High-Throughput sequencing (aka Next Generation Sequencing) and Bioinformatics
Question: what do you do? Answer: bioinformatics, computational biology, genomics, rnaomics, transcriptomics and I have a background in molecular biology/genetics (Try putting that on a business card)
Ok, I kind of fell into all of this NGS/High throughput sequencing analysis business since I understood what it meant to work with data from an entire genome. Early RNA genomics focused on tedious and expensive laboratory searching, then computational searches took much of the burden (if you knew what you were looking for). But now… WOW! This now not-so-new type of sequencing is a wonder for RNA underworld research. Thanks to the Illumina (formally Solexa) sequencing platform we have masses and masses of data…but not so many ways to analyse it. Now we can combine both approaches by sequencing the ncRNA in an organism, examining the RNA genes we know about, but also use it to find new RNA genes that have up till now escaped our notice. I also help out with some other transcriptomics and small RNA projects. A bioinformatian nowadays is much in demand.
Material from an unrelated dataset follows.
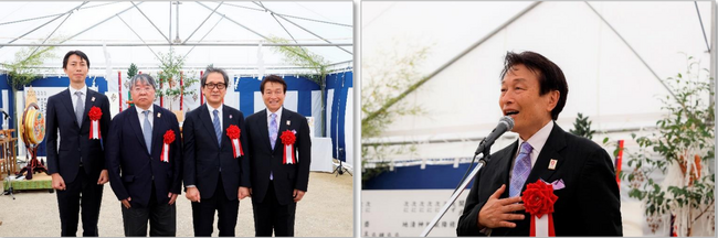 「地鎮祭」には、公益社団法人2025年日本国際博覧会協会 事務総長 石毛博行氏のほか、パビリオンのエグゼクティブプロデューサーを務める大阪大学名誉教授 澤芳樹氏、パビリオンの建築デザインを手掛ける建築家 板坂諭氏など来賓の方々に加え、パソナグループ代表 南部靖之をはじめパソナグループ関係者、工事関係者など、総勢30名が参加。兵庫県淡路市の伊弉諾神宮 宮司のもと、工事の安全を祈願し「地鎮祭」が厳粛に執り行われました。

I have also spent a few years teaching bioinformatics and computational biology (and oh yes, there is a difference) to both biologists and stats/maths students, and I find this rather fun. There is nothing better than taking someone terrified of wiping their computer (and quite frankly you are afraid they are going to do that) and see them analyse data in a server environment. Actually, what is better is seeing them make discoveries! Now that is the joy of teaching.